The use of quantum dots to define charge and spin qubits is well established in the field of quantum information processing. Quantum dot charge qubits are attractive because of the possibility of fast qubit control but are sensitive to charge noise which can result in rapid decoherence. Spin qubits usually have much longer coherence times but are susceptible to charge noise as well since fast manipulation, or the coupling of two or more spin qubits, often relies on mixing of charge and spin degrees of freedom. As a result, two-qubit quantum gate fidelities are still relatively low even for spin qubits. Scalability therefore depends critically on an understanding of charge noise and on developing techniques to lower the susceptibility of quantum dot devices to this source of decoherence.
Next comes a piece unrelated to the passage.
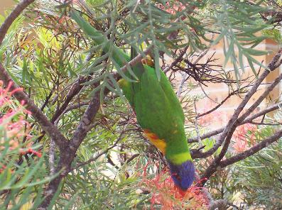 I took some pictures of the lorikeets in the front yard. Here is Australia, we have some really pretty native birds. These are Rainbow Lorikeets. Extremely pretty, but noisy as all hell. I'm telling you, the prettier the bird around here, the more horrible it sounds. These guys are not often seen alone. There are generally 2 or more together, and they feed in the native trees. Our villa complex has Grevillea bushes all up and down the driveway, with one only a yard or so from our bedroom window, and another one 2 yards from the loungeroom window. One day last week, there were several in each bush, squawking, arguing and chattering to each other at 5.30am. Loudly. Seriously, they never bloody shut up.

Now, in their most recent work published in Physical Review Applied, researchers at the London Centre for Nanotechnology and the University of Cambridge report on charge noise and coherence in a material class – carbon nanotubes – which have great potential for solid-state quantum information processing: carbon nanotubes allow accurate control of electron charge, spin and valley degrees of freedom, are atomically perfect and can be made isotopically pure.

To examine charge coherence, the researchers used a carbon nanotube device consisting of two quantum dots in series: a charge qubit in which quantum information is encoded in the spatial position of an electron. To readout the quantum states, they developed an innovative technique based on radio-frequency reflectometry measurements of the quantum capacitance of the device: a measure of how easy, or difficult, it is for an electron to move between the quantum dots, as illustrated in the figure below. In combination with microwave manipulation of the qubit, the group could measure the degree of charge noise experienced by the device and determine charge coherence. Moreover, by operating the qubit at an optimal point (or sweet spot) coherence could be extended by more than an order of magnitude.

Figure: (a) Schematic of the carbon nanotube device and radio-frequency detection circuit. Left: Scanning electron micrograph of a carbon nanotube double quantum dot device. The carbon nanotube is contacted by Au source and drain electrodes and capacitively coupled to a gate electrode in the middle that controls the tunnel barrier between the quantum dots and three plunger gate electrodes that provide control of the electrons on the two quantum dots. Right: The nanotube device is embedded in an LC resonant circuit which allows for high sensitivity and high bandwidth measurements. (b) Measured amplitude and phase response of a resonant circuit with resonant frequency of about 315 MHz. The precise resonant frequency depends on the quantum capacitance of the nanotube quantum dots – that is, the ability of an electron to move between the quantum dots in the presence of the rf signal – which can therefore be read out using this technique

This work provides an excellent basis for further development of carbon nanotube devices for quantum information processing – charge, spin or valley based.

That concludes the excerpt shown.